Academy Charter director MaryJo McKinley says her school opened 15 years ago in a renovated bar that was built in the 1990s but poorly maintained. She said the school has to spend 16 percent of its per-pupil budget on $30,556-a-month rent and facility issues.
The school’s per-pupil costs are about $19,362; at Asbury Park High School, the per-pupil cost in 2010-11 was $29,095, a figure heavily bolstered by state aid.
Academy Charter, with a roughly 19 percent special-needs population that year, had a 95.45 percent graduation rate in 2010-11, according to the state Department of Education. That rate has since crept up to 98 percent, says director MaryJo McKinley. Asbury Park High School had a graduation rate of 59.46 percent in 2010-11. (emphasis Waters', not mine)Waters says the passage should be particularly heeded by "those who swear that all charter schools weed out kids with disabilities." (emphasis mine)
But the passage doesn't stop at just pointing out that Academy has an unusually high IEP percentage for a charter school. It goes much, much further and compares Academy's per pupil funding and graduation rate to Asbury Park High School. The implication seems to be that Academy is getting less money and doing a better job than one of their sending districts for serving a more difficult population.
We'll just ignore for now that Academy kids are pulled from more districts than just Asbury Park, and for the sake of argument we'll go along with this comparison.

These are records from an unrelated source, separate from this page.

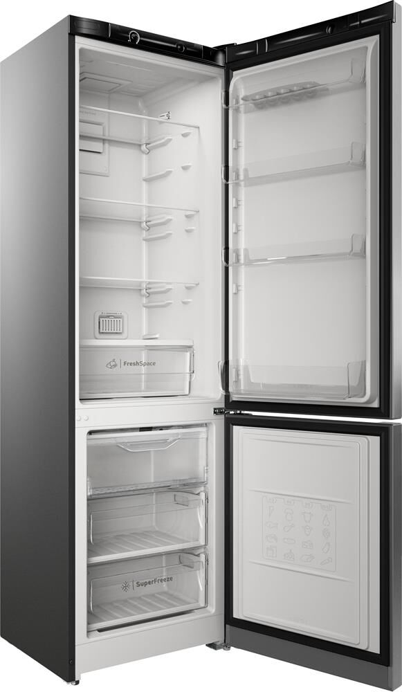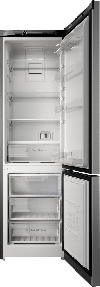 Система охлаждения: Total No Frost; 1 ящик для овощей и фруктов; подставка для яиц, сверхпрочные полки (до 100 кг), LED освещение, фронтальная интегрированная ручка с нанесением TicTac, 10 лет гарантии на запчасти; Класс энергопотребления - A; Потребление электроэнергии (кВт/24ч.) - 1,003; Общий полезный объем (л) - 324; Полезный объем холодильного отделения (л) - 249; Полезный объем морозильного отделения (л) - 75; Возможность замораживания (кг/24 ч.) - 3,5; Время сохранения температуры без электроэнергии (ч.) - 13; Климатический класс - N,ST; Размеры (ВхШхГ) (см) - 200x60x64; Цвет - Темно серый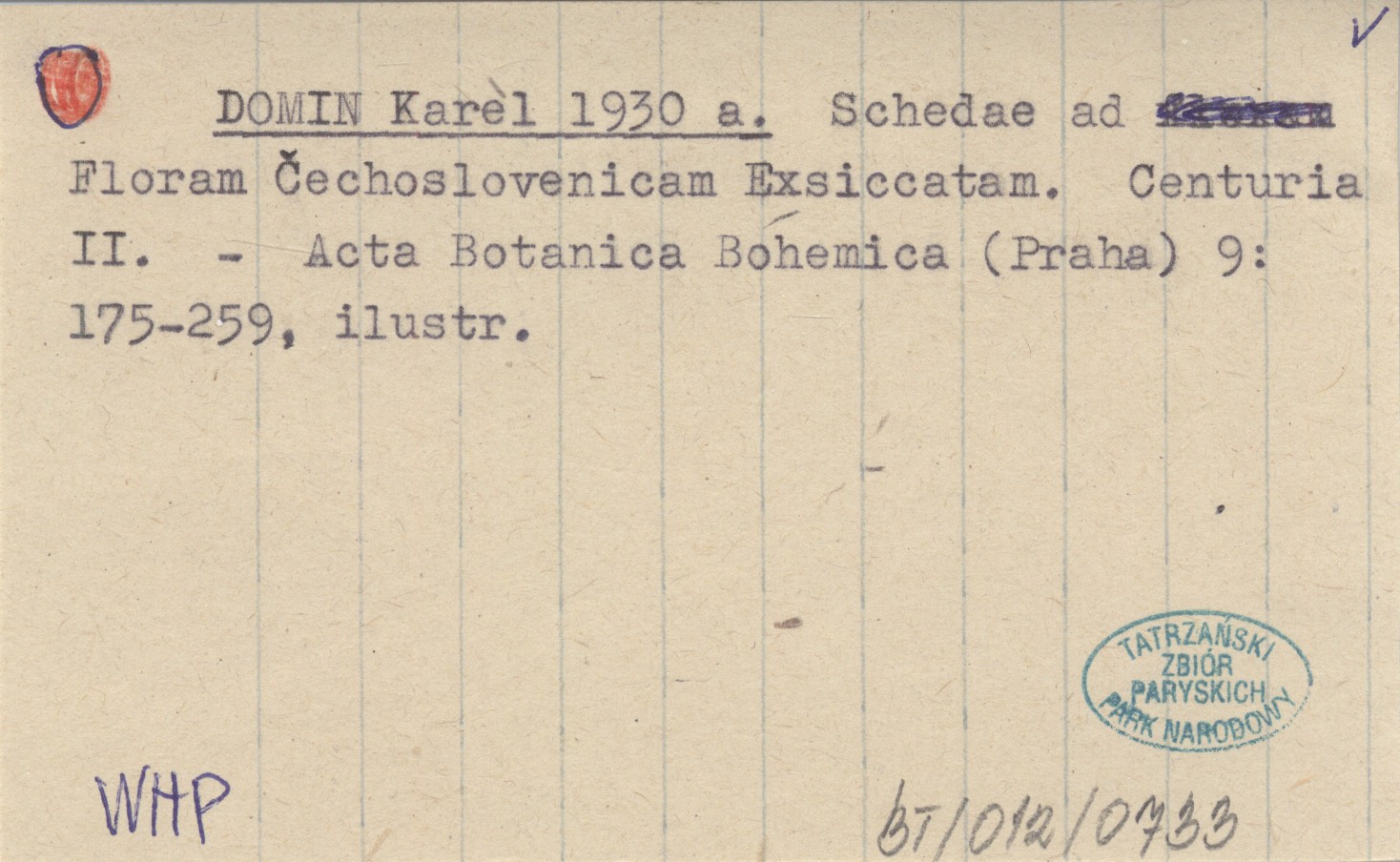 DOMIN Karel 1930 a Schedae ad Floram Čechoslovenicam Exsiccatam. Centuria II.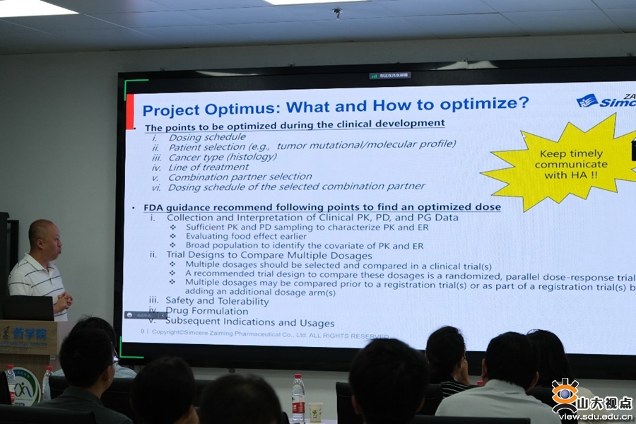 [本站讯]8月21日上午,药学院临床药学与临床药理学团队举办创新药物临床研究与评价讲坛。药学院副院长李敏勇、临床药理研究所所长赵维出席活动,比利时荷语鲁汶大学Karel Allegaert教授、先声再明临床药理负责人陈嘉博士作报告,分享临床药理研究心得。活动由先声药业临床药理部门杨阳女士主持,药学院临床药学与临床药理学、药理学及免疫药理学等专业师生参加活动。Karel Allegaert教授(欧洲药品管理局专家、比利时皇家医学院成员)就发育药理学及儿童药物研发现状作了详细介绍,从学术科研和政策监管方面分享了儿童临床药理的研究心得。陈嘉博士通过分享抗肿瘤药物研发实例,展示了PKPD技术在抗肿瘤药物早期临床试验剂量优化中的地位和作用。

Since Williams Boyd and Waters seemed to be content drawing conclusions from one data point and didn't do their homework, I did it for them.

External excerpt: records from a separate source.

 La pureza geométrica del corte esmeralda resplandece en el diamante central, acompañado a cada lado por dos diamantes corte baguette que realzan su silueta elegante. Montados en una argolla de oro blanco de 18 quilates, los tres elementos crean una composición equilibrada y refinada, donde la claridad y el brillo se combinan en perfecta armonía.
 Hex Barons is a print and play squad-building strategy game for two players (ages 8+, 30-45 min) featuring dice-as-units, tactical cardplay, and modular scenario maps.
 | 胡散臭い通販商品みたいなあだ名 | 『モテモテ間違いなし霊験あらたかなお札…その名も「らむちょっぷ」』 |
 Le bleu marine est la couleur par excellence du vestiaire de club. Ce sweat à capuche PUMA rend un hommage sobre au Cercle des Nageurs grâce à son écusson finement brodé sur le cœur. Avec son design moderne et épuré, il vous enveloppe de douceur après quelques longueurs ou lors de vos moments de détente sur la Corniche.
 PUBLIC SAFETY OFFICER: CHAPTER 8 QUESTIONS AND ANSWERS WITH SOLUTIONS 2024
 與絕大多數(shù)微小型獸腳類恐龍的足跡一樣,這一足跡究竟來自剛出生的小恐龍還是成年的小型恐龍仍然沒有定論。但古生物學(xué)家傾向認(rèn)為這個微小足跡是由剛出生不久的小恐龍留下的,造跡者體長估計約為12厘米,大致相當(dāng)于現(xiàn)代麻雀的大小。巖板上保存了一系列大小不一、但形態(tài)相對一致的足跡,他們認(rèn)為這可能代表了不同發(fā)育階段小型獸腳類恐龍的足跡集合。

I compared the special needs, LEP and Free/Reduced Lunch numbers between Academy Charter and Asbury Park High, and guess what I found? The Academy Charter IEP percentage may be 18.6%, but not surprisingly, it's higher in Asbury Park; 5% higher to be precise.
Isn't it curious that the article only pulls out the special needs percentage and the graduation rate and not the percentage of LEP or Free/Reduced Lunch students? If a person were so inclined, they may think that the NJCSA and Carlo Perez were purposefully selling a false narrative to the press to make it look like Academy is getting better results with a more disadvantaged population.

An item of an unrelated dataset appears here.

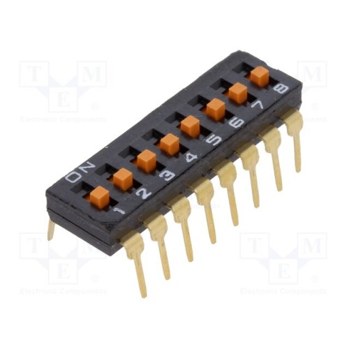 OMRON Electronic Components A6T-8104 | Перемикач: DIP-SWITCH; Кількість секцій: 8; ON-OFF; 0,025A/24ВDC

Academy may have a higher graduation rate compared to Asbury Park HS, but they are not serving the same population. Academy reports no Limited English Proficient students, and 18% less children in poverty. And note how many more of the Asbury Park kids are in deep poverty; a staggering 26% more qualify for Free Lunch. 96% of the kids in poverty in Asbury Park are in deep poverty.
You can't just pull out the IEP number as Waters and Boyd (and Perez?) have done and bandy it about as if it has meaning or tells a story. It just doesn't.
Of course that didn't stop them from using a solitary number to imply that there are charters that get better results and don't cream skim! A closer look reveals that like most (see Laura, I said most not all) charters Academy Charter does in fact cream skim.
And the point of the article is that Academy is getting less per-pupil and therefore has to endure less than adequate facilities. The question then becomes, should Academy Charter school get the same per pupil funding when they don't serve the same disadvantaged population?